**MATERIAL PROVIDED**.
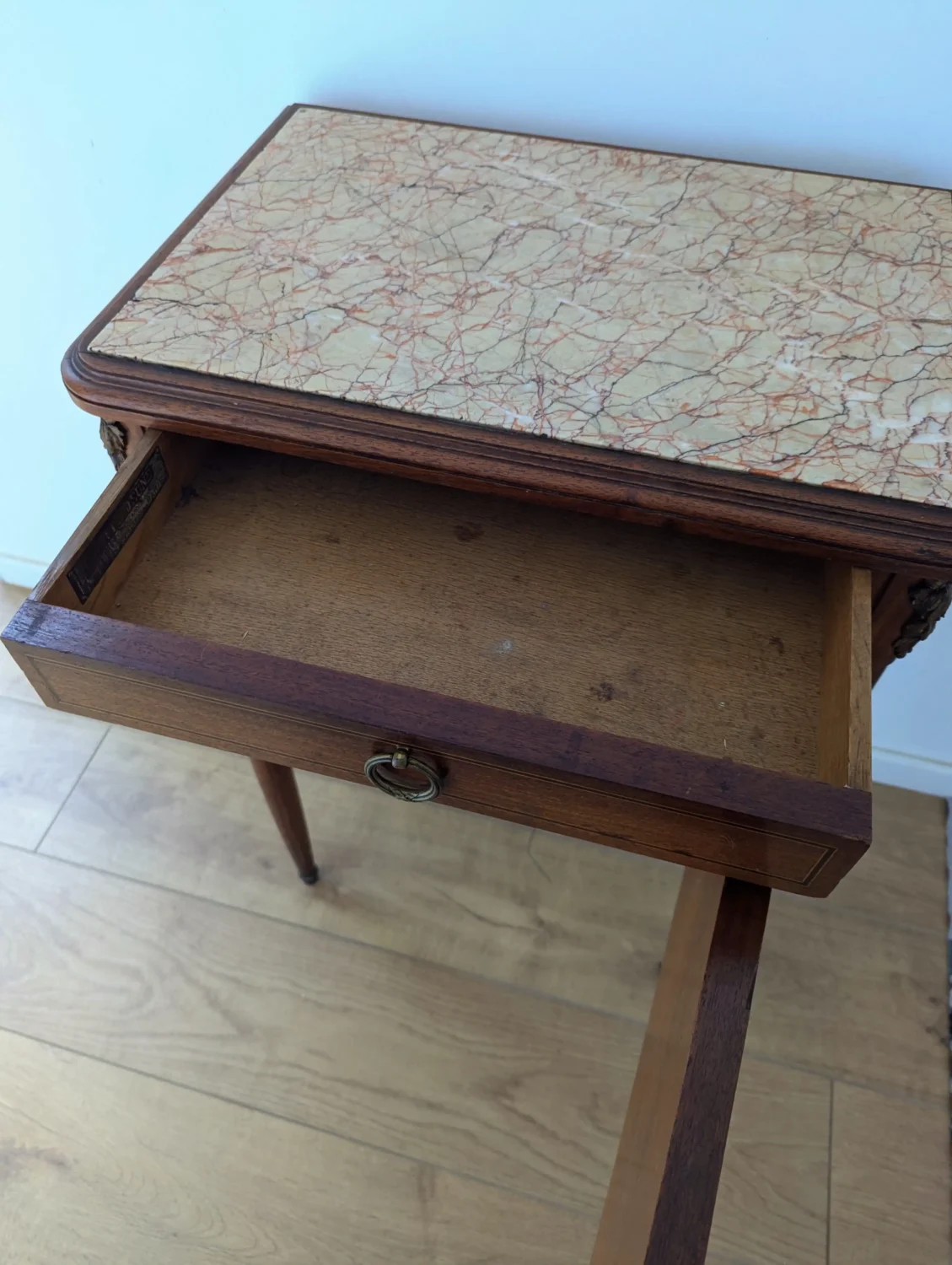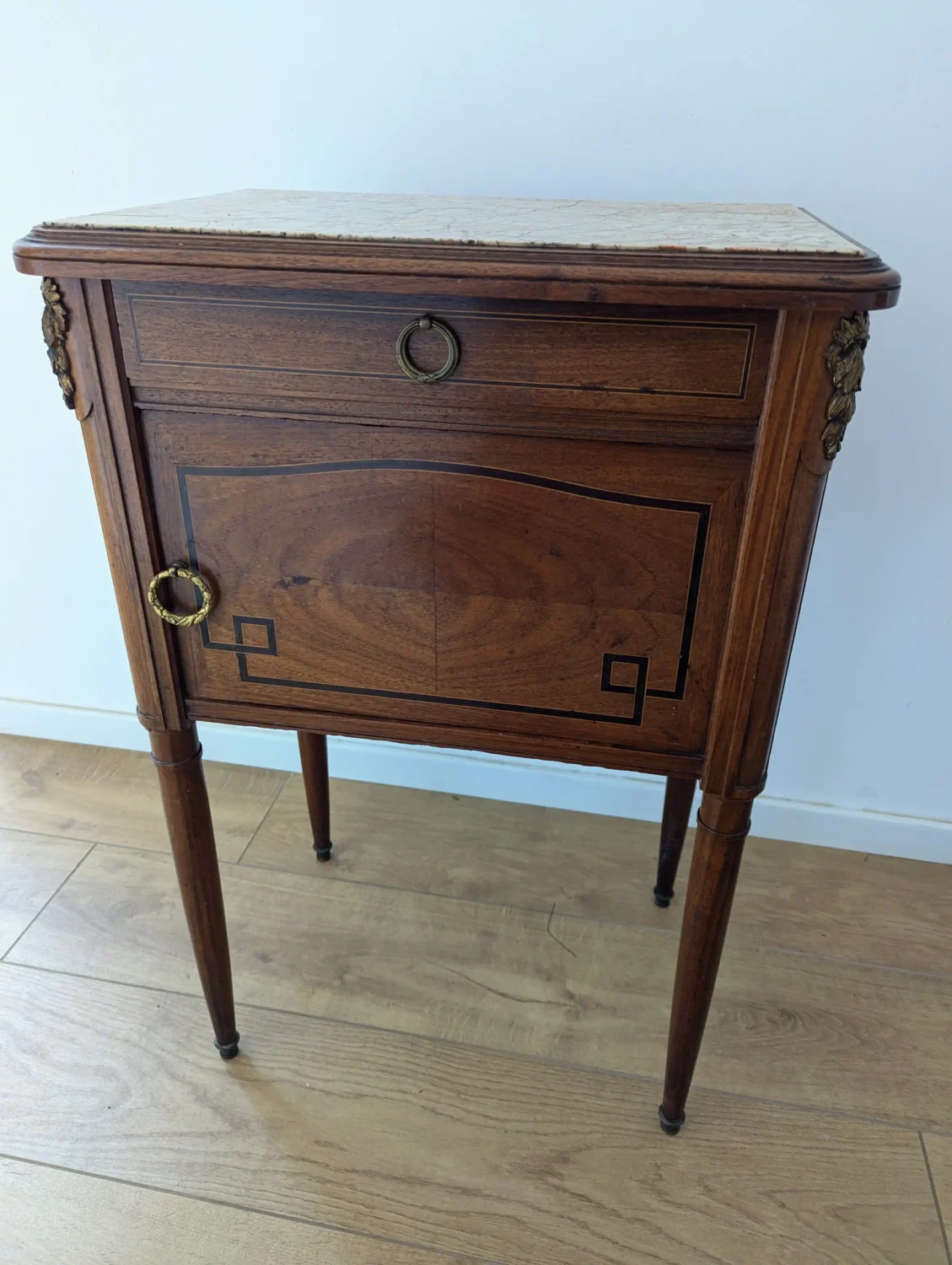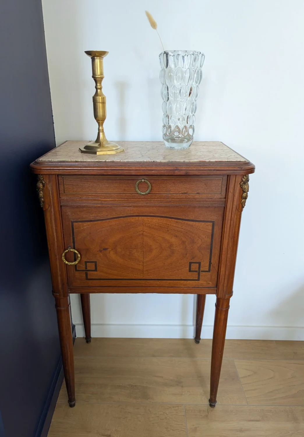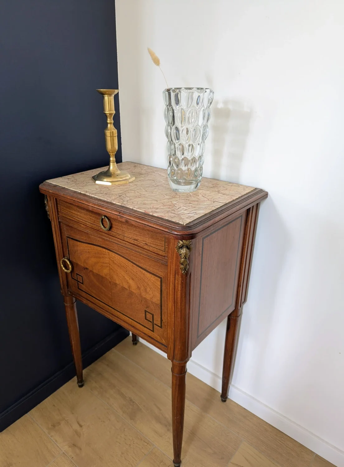 Table de chevet ancienne en bois marqueté et marbre rose style Louis XVI : une pièce d’exception
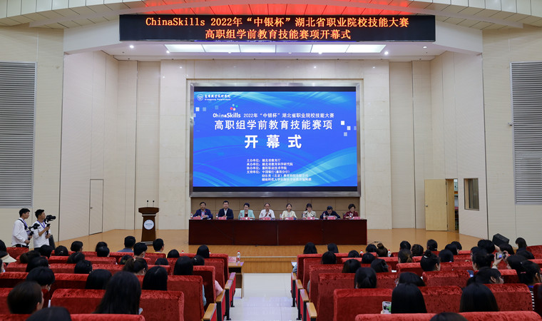 4月14日下午,2022年“中银杯”湖北省职业院校技能大赛高职组学前教育专业技能赛项在我校图书馆二号报告厅隆重开幕。来自全省的29所参赛高职院校齐聚一堂。湖北省教育科学研究院职教所副所长兰惠玲,大赛执委会主任、襄阳职业技术学院校长李菲,襄阳市教育局副局长伍倜,中国银行襄阳分行副行长苏红柳,教育部职业院校教育类专业教学指导委员会学前教育专业委员会委员、幼乐美(北京)教育科技有限公司教育事业发展中心总经理田久民,全体仲裁、裁判等出席开幕式。大赛执委会副主任、学校副校长耿保荃主持开幕式。
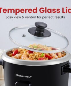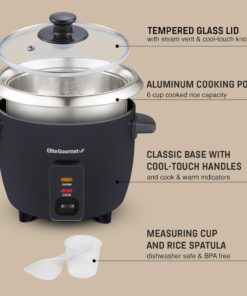 Cook perfect. fluffy rice every time with the Elite Cuisine Deluxe 6 Cup Rice Cooker. Makes up to 6 cups of cooked rice (using 3 cups of uncooked rice). No more waiting for water to boil or watching the pot on the stovetop. this unit automatically cooks rice and switches to Keep Warm when cooking is complete. keeping food hot and fresh before serving. It includes an easy to clean removable cooking pot. an easy to read measuring cup and spatula for easy serving and a tempered glass lid for convenient viewing.
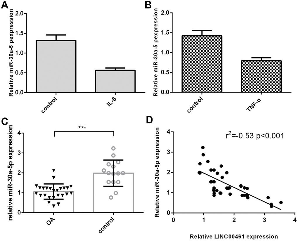 We then demonstrated that IL-6 inhibited the expression of miR-30a-5p in chondrocytes (Figure 3A). We showed that TNF-α suppressed miR-30a-5p expression in chondrocytes (Figure 3B). In addition, we found that miR-30a-5p expression was lower in OA tissues than in normal samples (Figure 3C, ***p<0.001). The expression level of miR-30a-5p in OA tissues was negatively correlated with LINC00461 expression (Figure 3D).
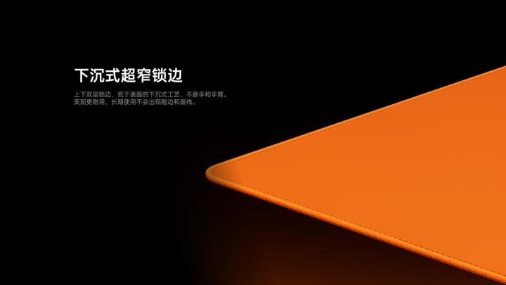 边缘上下双层锁边,锁边高度低于布面表面,形成独特 “下沉式” 结构。拉枪微操时,手腕与手臂不会与锁边产生摩擦,长期使用不磨手、不硌臂,显著提升舒适度,解决传统锁边 “磨手” 的体验短板,兼顾美观与耐用性。420mm x 490mm 的黄金尺寸设计,也能同时满足手臂流和手腕流,不多占据桌面空间。自信鲜艳不张扬,电竞色彩重新定义。
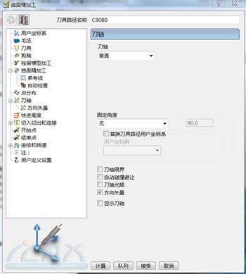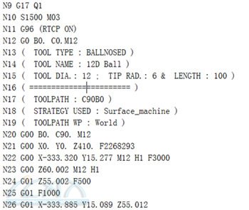 1、PowerMILL2010版本增加“矢量方向”功能有什么作用? PowerMILL2010版本新增加了“矢量方向”功能,通过它并配合使用PM-POST定制的后置处理文件,可以正确输出AC轴角度,这对于3+2轴路径尤其有用! 可以解决的问题: ● 解决C轴角度不等于0,而B轴角度等于0的情况下,能够正确输出C轴角度。 ● 避免因为编程人员没有给操作人员讲清楚C轴角度多少时,操作人员忘记修改C轴角度而出现的主轴干涉现象,严重的会造成撞机发生。 ● 可以加工很多只旋转C轴就能加工的区域,提高加工效率。 2、如何使用PowerMILL中的“矢量方向”功能? 1)、在任意加工策略对话表格,打开“刀轴”选项,见下图: 2)、点击“方向矢量”打开此选项开关,并进入“方向矢量”对话框菜单,见下图: 在上图设置“固定方向”,方位角=90度(类似于C轴),仰角=0度(类似于B轴)。 3)、计算NC程序 4)、输出NC程序,注意输出坐标系类似于正常情况下的3+2轴设定,坐标系选择世界坐标系或用户自定义的输出坐标系。见下图: 打开NC代码,可以看到C轴角度90度已经正确输出了(如下图所示): 5)、在PowerMILL加载已经定制好的带矢量定位功能的仿真机床,仿真刚才的刀具路径:可以看到C轴90度,B轴为0,正确仿真并避免机床主轴和工件的干涉。 |
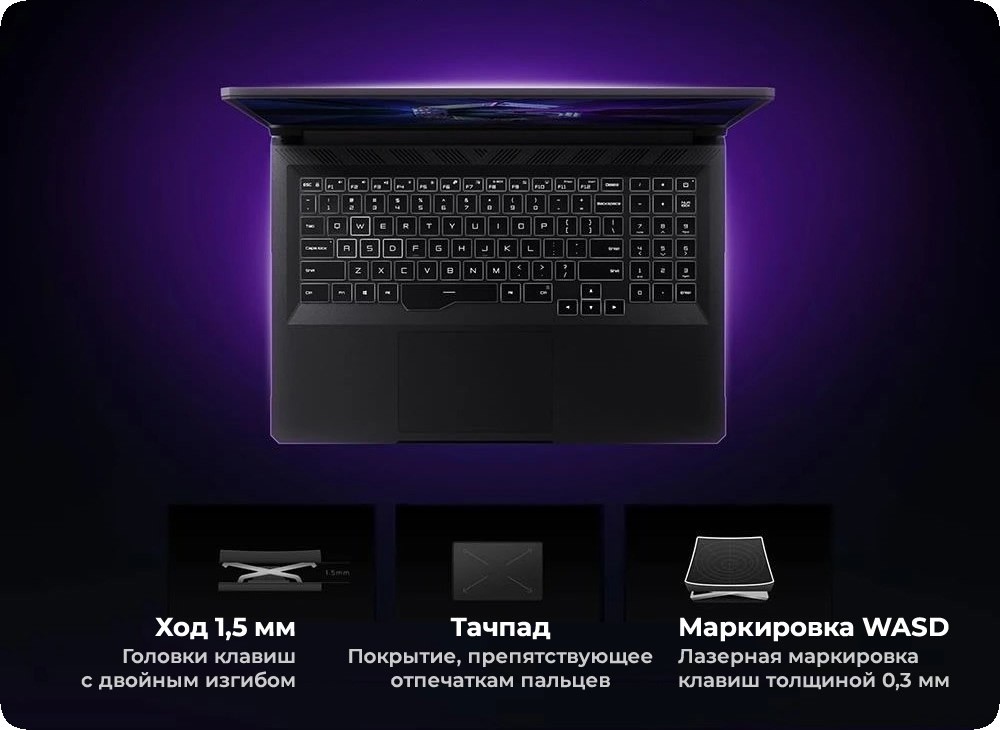 Большой 16,1" дисплей с разрешением 1920 × 1080 пикселей и углом обзора 178° дает поразительную картинку и поможет полностью погрузиться в происходящее благодаря узким рамкам с трех сторон. Охватывая 100% цветового пространства sRGB, он передает самые точные цвета и мельчайшие оттенки как в играх, так и при работе с графикой. Имеет антибликовое покрытие и обладает яркостью до 300 нит.
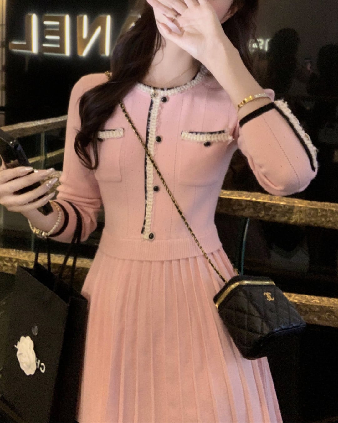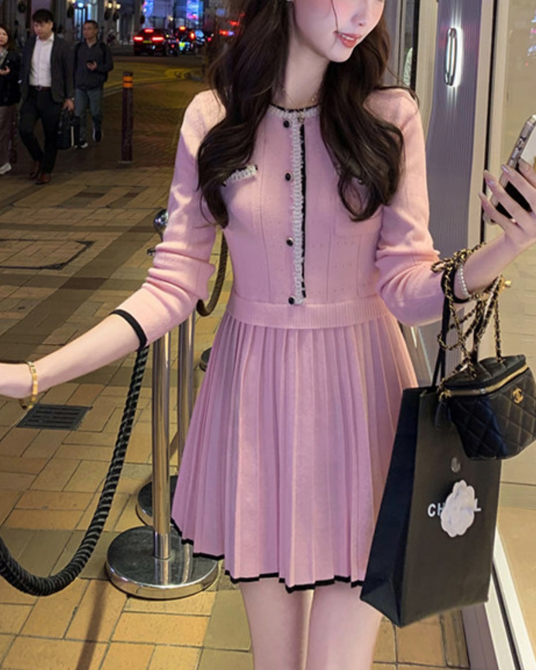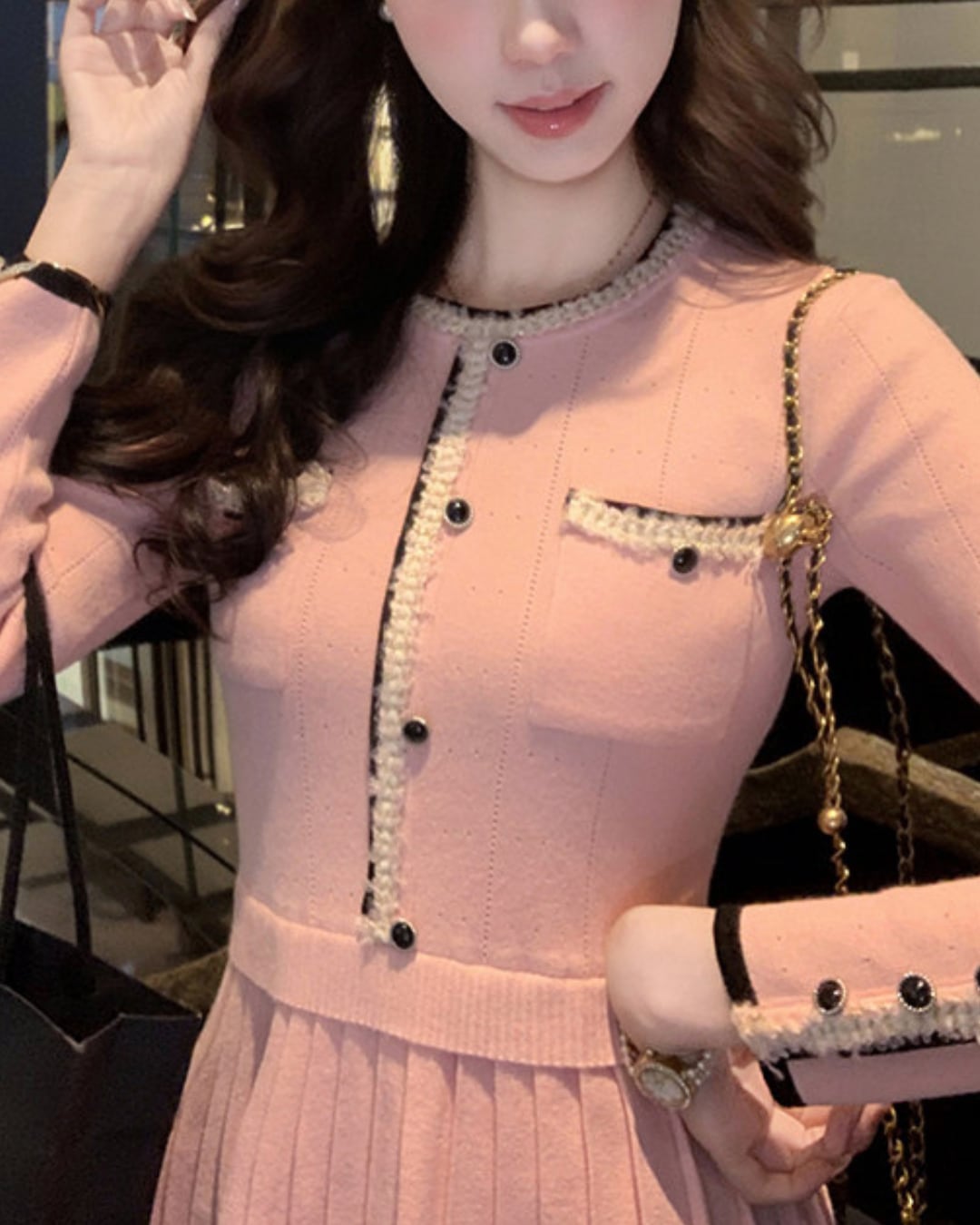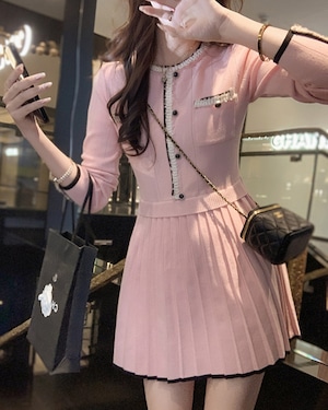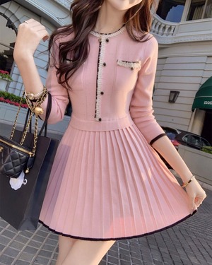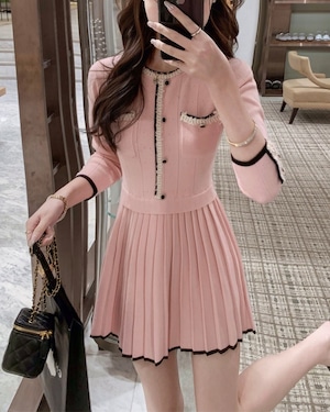 バイカラーパイピングプリーツニットワンピース 25W08441
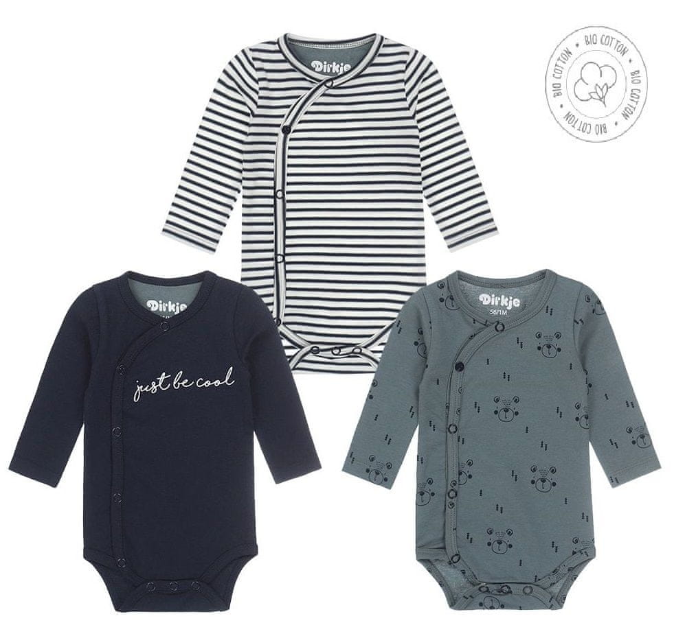 Komplet treh bodijev z dolgimi rokavi v modri in beli barvi, zapenjanje v mednožju z breznikljastimi pritiskači.Izdelani so iz mehke in prijetne bombažne tkanine, prijazne do občutljive otroške kože.Klasični, zračni in udobni bodiji, primerni za vsakodnevno uporabo in posebne priložnosti.Imajo certi
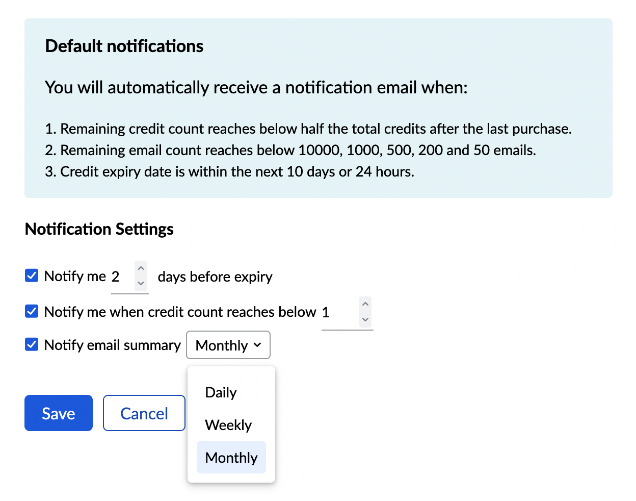 You can set reminders for your credit purchases in the Notification settings section. By default, you will receive notification emails when :
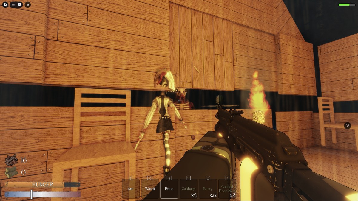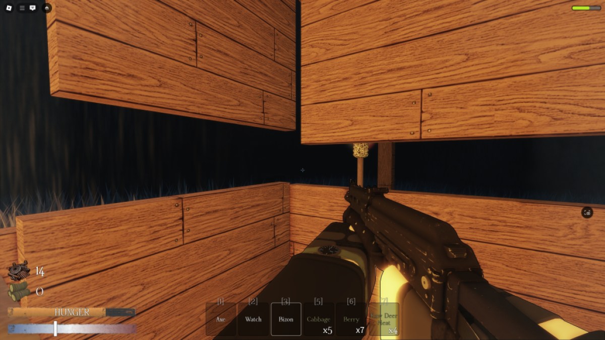 - 1日目:毎日のルーチン、夜:あなたのバリケードを希望する場所の周りにシンプルなフェンス(壁を置くように壁を置くように壁を置く)を始めてから、あなたの家の屋根に向かい、夜を生き延びます
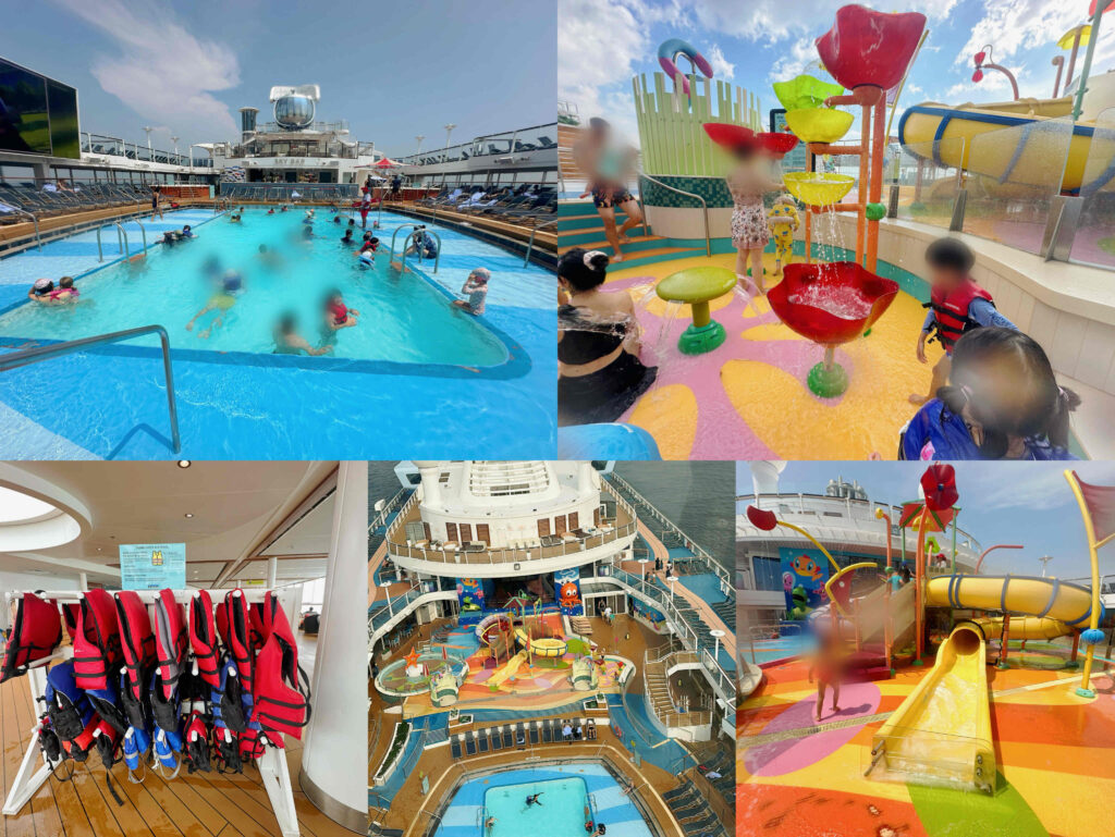 子どもたちが一番楽しみにしていたのが、船内のプールエリアです。

**INSTRUCTIONS FOR THE TASK**.
Take the lines from the one that contains "x 490mm 的黄金尺寸设计,也能同时满足手臂流和手腕流,不多占据桌面空间。自信鲜艳不张扬,电竞色彩重新定义。" through the last line of the material above and reproduce them exactly, leaving out any pictures.

**OUTPUT FOR THIS TASK**.
 边缘上下双层锁边,锁边高度低于布面表面,形成独特 “下沉式” 结构。拉枪微操时,手腕与手臂不会与锁边产生摩擦,长期使用不磨手、不硌臂,显著提升舒适度,解决传统锁边 “磨手” 的体验短板,兼顾美观与耐用性。420mm x 490mm 的黄金尺寸设计,也能同时满足手臂流和手腕流,不多占据桌面空间。自信鲜艳不张扬,电竞色彩重新定义。
 1、PowerMILL2010版本增加“矢量方向”功能有什么作用? PowerMILL2010版本新增加了“矢量方向”功能,通过它并配合使用PM-POST定制的后置处理文件,可以正确输出AC轴角度,这对于3+2轴路径尤其有用! 可以解决的问题: ● 解决C轴角度不等于0,而B轴角度等于0的情况下,能够正确输出C轴角度。 ● 避免因为编程人员没有给操作人员讲清楚C轴角度多少时,操作人员忘记修改C轴角度而出现的主轴干涉现象,严重的会造成撞机发生。 ● 可以加工很多只旋转C轴就能加工的区域,提高加工效率。 2、如何使用PowerMILL中的“矢量方向”功能? 1)、在任意加工策略对话表格,打开“刀轴”选项,见下图: 2)、点击“方向矢量”打开此选项开关,并进入“方向矢量”对话框菜单,见下图: 在上图设置“固定方向”,方位角=90度(类似于C轴),仰角=0度(类似于B轴)。 3)、计算NC程序 4)、输出NC程序,注意输出坐标系类似于正常情况下的3+2轴设定,坐标系选择世界坐标系或用户自定义的输出坐标系。见下图: 打开NC代码,可以看到C轴角度90度已经正确输出了(如下图所示): 5)、在PowerMILL加载已经定制好的带矢量定位功能的仿真机床,仿真刚才的刀具路径:可以看到C轴90度,B轴为0,正确仿真并避免机床主轴和工件的干涉。 |
 Большой 16,1" дисплей с разрешением 1920 × 1080 пикселей и углом обзора 178° дает поразительную картинку и поможет полностью погрузиться в происходящее благодаря узким рамкам с трех сторон. Охватывая 100% цветового пространства sRGB, он передает самые точные цвета и мельчайшие оттенки как в играх, так и при работе с графикой. Имеет антибликовое покрытие и обладает яркостью до 300 нит.
 バイカラーパイピングプリーツニットワンピース 25W08441
 Komplet treh bodijev z dolgimi rokavi v modri in beli barvi, zapenjanje v mednožju z breznikljastimi pritiskači.Izdelani so iz mehke in prijetne bombažne tkanine, prijazne do občutljive otroške kože.Klasični, zračni in udobni bodiji, primerni za vsakodnevno uporabo in posebne priložnosti.Imajo certi
 You can set reminders for your credit purchases in the Notification settings section. By default, you will receive notification emails when :
 - 1日目:毎日のルーチン、夜:あなたのバリケードを希望する場所の周りにシンプルなフェンス(壁を置くように壁を置くように壁を置く)を始めてから、あなたの家の屋根に向かい、夜を生き延びます
 子どもたちが一番楽しみにしていたのが、船内のプールエリアです。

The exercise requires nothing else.